Jak by ktos miał jakieś przemyślenia to z chęcią pewno nie tylko ja posłucham ;)

 

dzięki, pozdrawiam, majki

Odnośnik do komentarza
Udostępnij na innych stronach

  • Odpowiedzi 51
  • Utworzony
  • Ostatnia odpowiedź

Najaktywniejsi w wątku

Zastanów się jak działa rekuperator - przekazuje ciepło z powietrza wyrzucanego powietrzu zasysanemu. Podgrzewając powietrze zasysane skazujesz się na wyrzucanie na aewnątrz powietrza zużytego o temperaturze CO NAJMNIEJ takiej, jak ogrzane powietrze zasysane, a w praktyce przy sprawności wymiennika 80%, będzie to temperatura powietrza ogrzanego wstępnie + 20% delta T, czyli pewnie + jakieś 4-5 stopni C.

WNIOSEK: stosując nagrzewnice przed pekuperatorem większość wyprodukowanego ciepła wywalisz z powrotem na zewnątrz.

IMO: Jeśli nagrzewnica przed reku, to tylko jako antyzamrożeniowa z automatyką sterującą. Jeśli do podgrzewania powietrza, żeby z anemostatów wiało ciepełko, to nagrzewnica kanałowa ZA rekuperatorem.

Odnośnik do komentarza
Udostępnij na innych stronach

majki

 

A jak w ogóle wrażenia po zainstalowaniu reku, zadowolony? odczuwasz różnicę?

 

Wiesz ... na razie jakoś szału nie ma ...

Na pewno parowanie łązienki mniejsze ( szybsze odparowanie ) po prysznicu.

Musze dziś pomierzyć jaką mam temp na wylotach w domu, ale odczuwalne - "zimno".

Na pewno ma na to wpływ nieocieplenie kanałów reku do końca na strychu ...

I tak właśnie kombinuje coby podnieść temepraturę nawiewu, tylko musze jakoś policzyće czy to się będzie w ogóle opłacało ... ?

 

pozdrawiam, majki

Odnośnik do komentarza
Udostępnij na innych stronach

Kiedyś pisałam do Ciebie jak masz rozwiązaną wentylację w domu i twierdziłeś, że wen. grawitacyjna to jedna z rzeczy, która Cę gryzie. Mam jeszcze trochę czasu, co do wyboru wentylacji, choc pewne kroki juz zostały podjęte (brak jednego komina, w konsekwencji brak kominka - ale mozna jeszcze dostawić) i będe śledzić Twoje "wrażenia" . Tez buduję parterówkę.

 

Pozdrawiam

Odnośnik do komentarza
Udostępnij na innych stronach

Wiem, wiem :)

Tak, to fakt, mam "wywalone" 2 kominy z cegły pełnej, piękne ...

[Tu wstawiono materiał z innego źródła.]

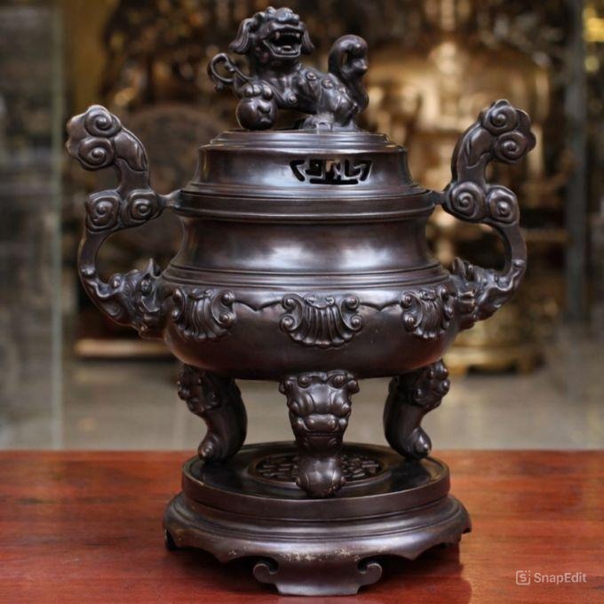 • Với bề mặt xử lý giả cổ trầm mặc, lư đồng phù hợp trưng bày trang nghiêm trong không gian thờ gia tiên, bàn thờ Phật hoặc nhà thờ họ.
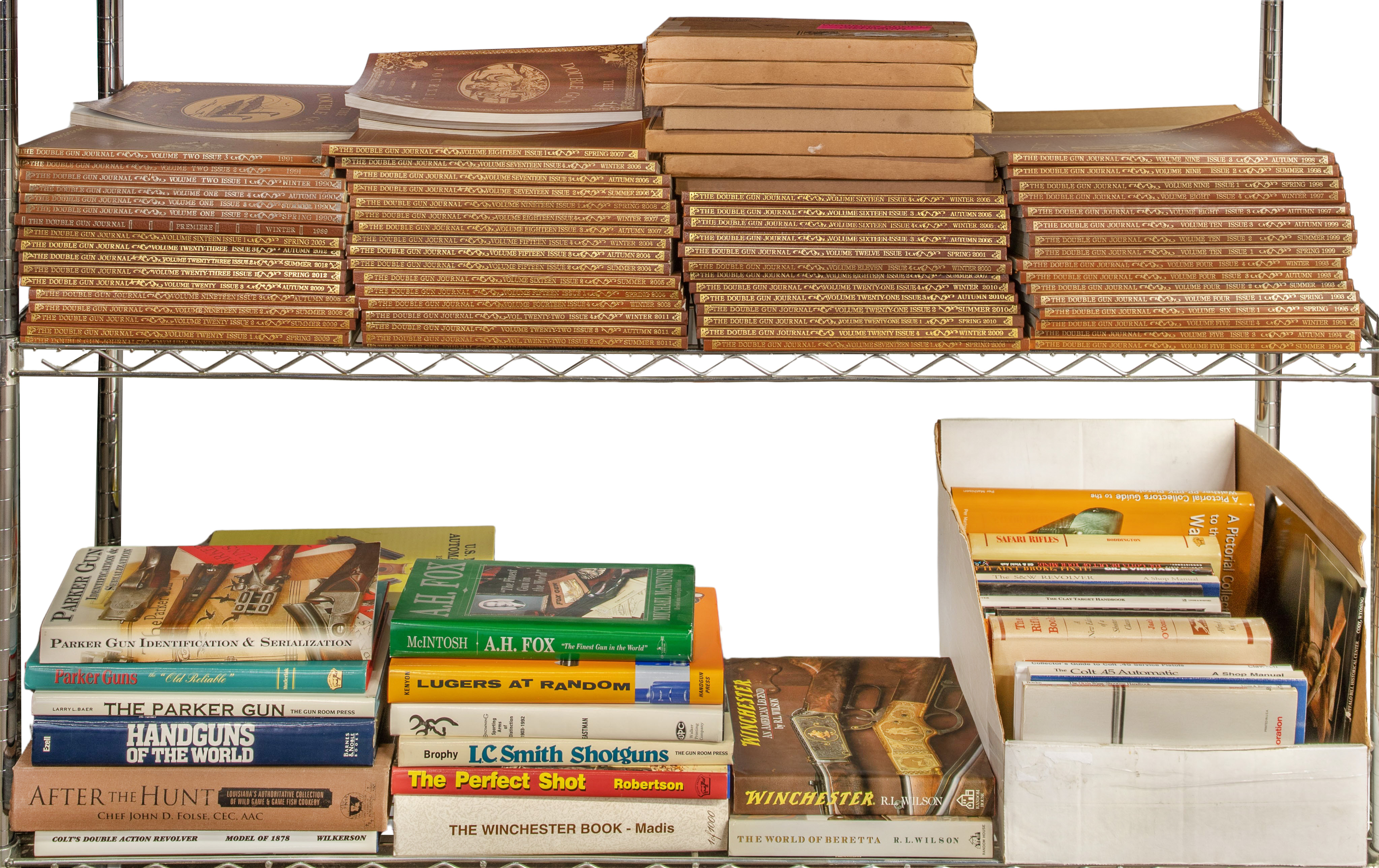 Approximately (150) hard and soft cover books, including approximately (120) issues of ‘The Double Gun Journal’ periodical from the 1990s and early 2000s, eleven of which remain sealed in shipping cartons

Będę na razie stał na stanowisku, że w szczelnym domu, went grawitacyjna nie działa. Ameryki nie odkryłem.

Szkoda tylko, że do tego faktu doszedłem po czasie ... :(

Generalnie na razie nie jest tak, ze kolejna wentylacja tym razem mechaniczna to pieniądze w błoto ... Czuć inny "klimat" w domu, parowanie mniejsze, zapachy z kuchni szybciej uciekają, nie używam już zawsze odświeżacza w ubikacji ;)

Ale opócz tego, ze wieje "świeżym" - wieje chłodem ... Wiem. rekupracja to nie system ogrzewania. Ale wolałbym żeby wiało cieplej ;)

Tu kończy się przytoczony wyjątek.